> _ACTIVITY_
What you return should be the lines from the one with "Угловой диван-кровать левый" through the one with "Der Esstisch Maximus" in the data below, reproduced exactly with both ends, and no pictures at all.

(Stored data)
- - - - - - -
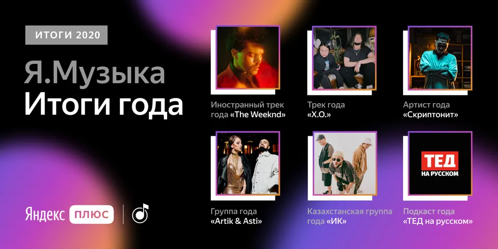 Самым популярным иностранным треком стал «Blinding Lights» (The Weeknd), а первое место среди русскоязычных песен заняла «X.O.» (Andro); лидером среди исполнителей в 2020 году стал казахстанский рэпер Скриптонит, ему же принадлежит звание лучшего альбома «2004». Самой прослушиваемой группой оказался поп-дуэт Artik & Asti, а среди казахстанских коллективов первое место занял проект Ирина Кайратовна. При этом самым популярным треком на казахском языке стал «Әндетемін» (Мирас Жугунусов), а на казахском смешанным с русским - «Дискотека Из 90» (RaiM, Artur, Zhenis).
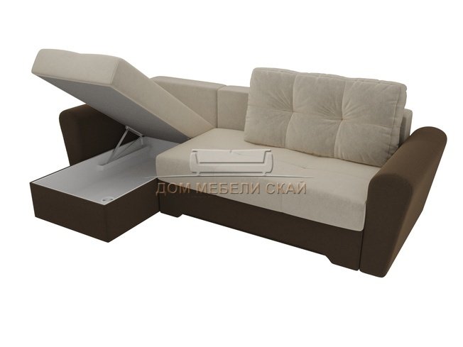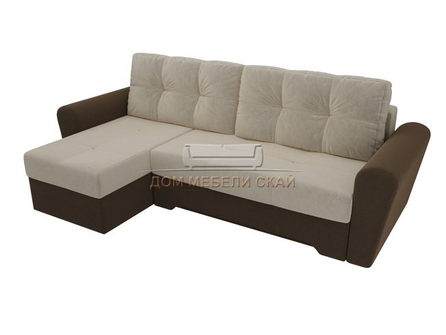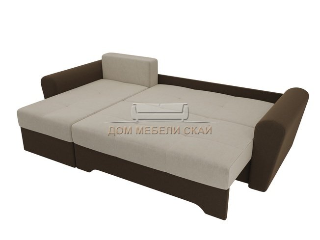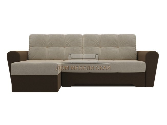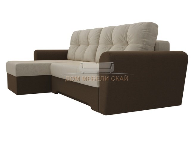 Угловой диван-кровать левый Амстердам, бежевый/коричневый/микровельвет
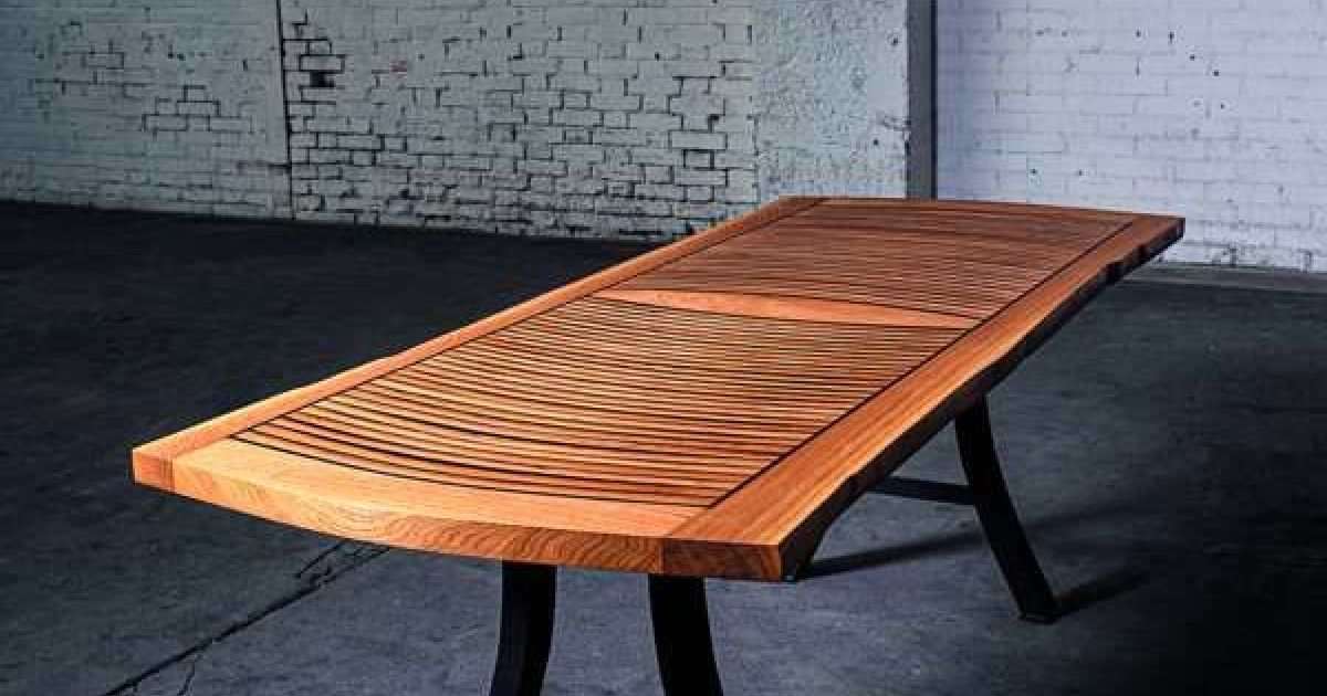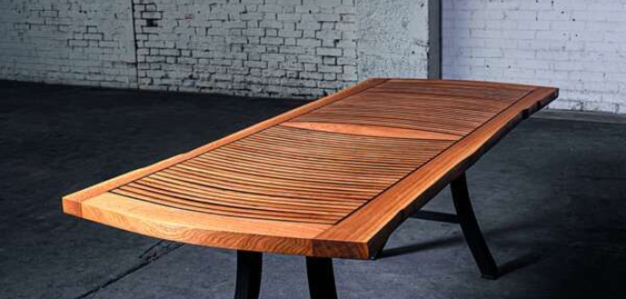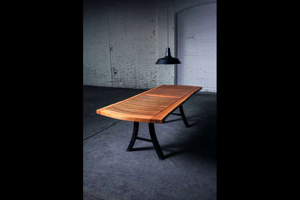 Der Esstisch Maximus besteht aus gebrauchten Dauben von Burgunderfässern. Bild: Fasswerk Hämmerle
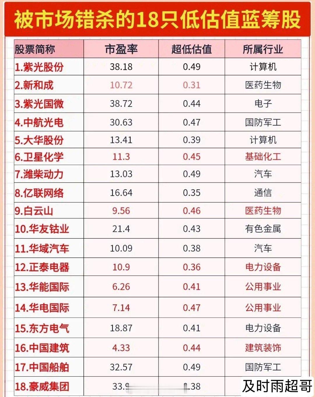 炸裂!被市场错杀的18只低估值蓝筹股曝光,最低市盈率仅4.33,抄底机会来了!挖到宝了!这份名单整理出18只被市场错杀的低估值蓝筹股,涵盖计算机、医药生物、国防军工、电力设备等热门赛道,市盈率从4.33到38.72不等,超低估值数值均低于0.5,估值洼地特征显著。低估值科技蓝筹代表:紫光股份、大华股份、紫光国微、中航光电、中国船舶、亿联网络等等。中航光电国内领先的光电技术解决方案提供商,动态市盈率动才31倍。紫光股份国内领先的IT服务龙头企业,市盈率动才31.3倍。中国船舶国内领先的造船企业,三季度净利润同比增长115.41%,市盈率32倍大华股份全球领先的智慧物联解决方案提供商,市盈率仅13.4倍……~这些错杀蓝筹既能兼顾成长属性,也不乏稳健的蓝筹标的,对于想要布局低估值品种的投资者来说,这份名单值得好好研究!(理财有风险入市需谨慎)
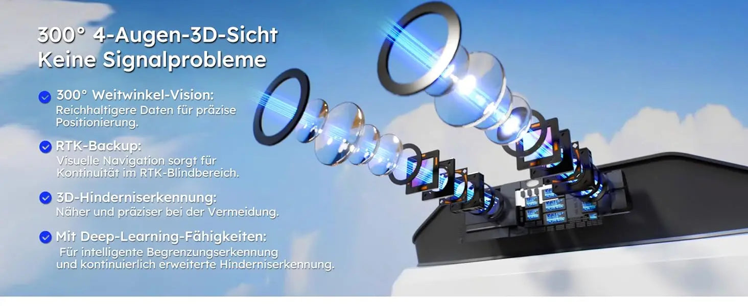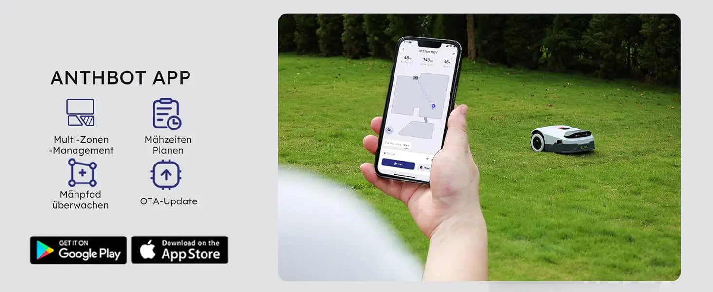 ANTHBOT Genie 600 AI kabelloser Roboter-Rasenmäher, max. 900 m2, Vollfrequenzband RTK + 4-kamera-Vision-Rasenmäherroboter
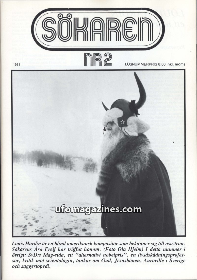 This issue of Sökaren magazine, NR2 from 1981, features an in-depth look at Louis Hardin, also known as Moondog, a blind American composer who adheres to the Asatru faith. The maga
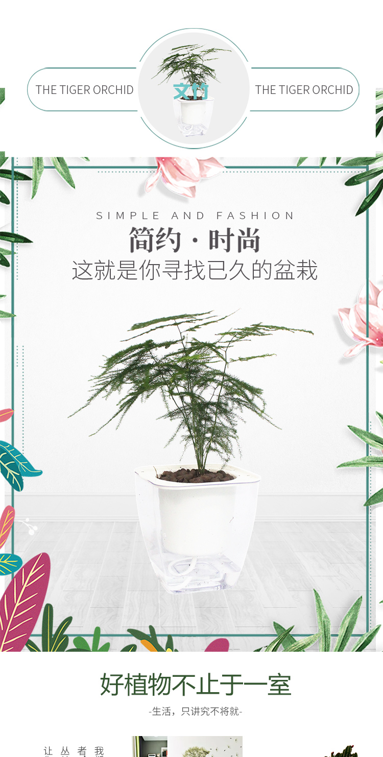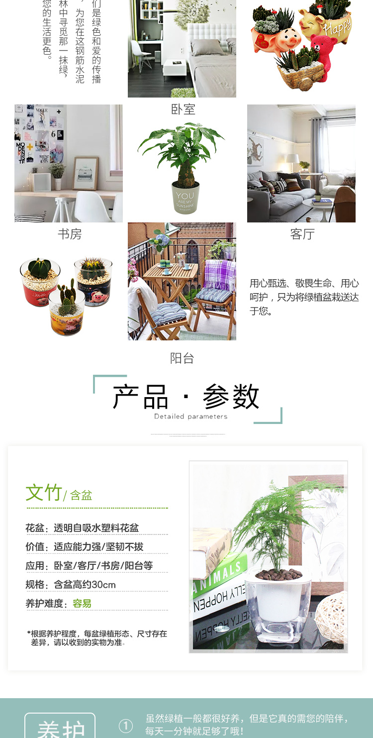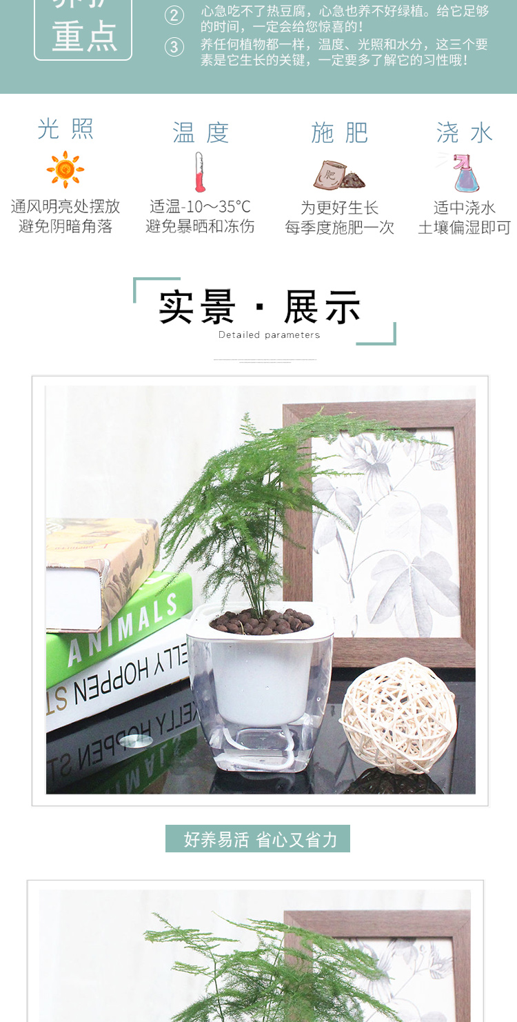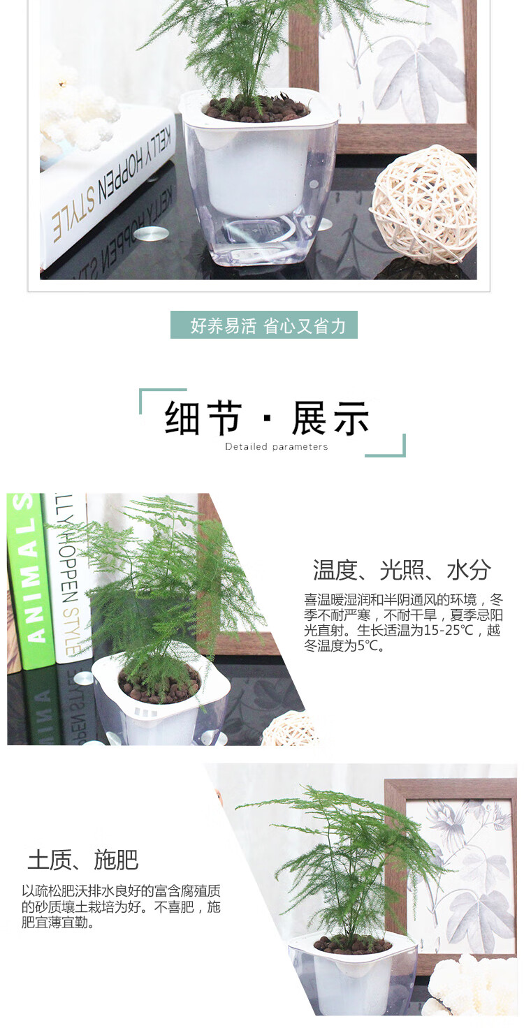 是否含花盆:带盆栽好;适用空间:庭院,阳台,客厅,办公桌,卧室,书房;植物品种:文竹;植物类别:观叶植物;包装清单:文竹×1、透明自吸水塑料花盆×1、包装箱×1;
- - - - - - -
> _EXERCISE SOLUTION_
 Угловой диван-кровать левый Амстердам, бежевый/коричневый/микровельвет
 Der Esstisch Maximus besteht aus gebrauchten Dauben von Burgunderfässern. Bild: Fasswerk Hämmerle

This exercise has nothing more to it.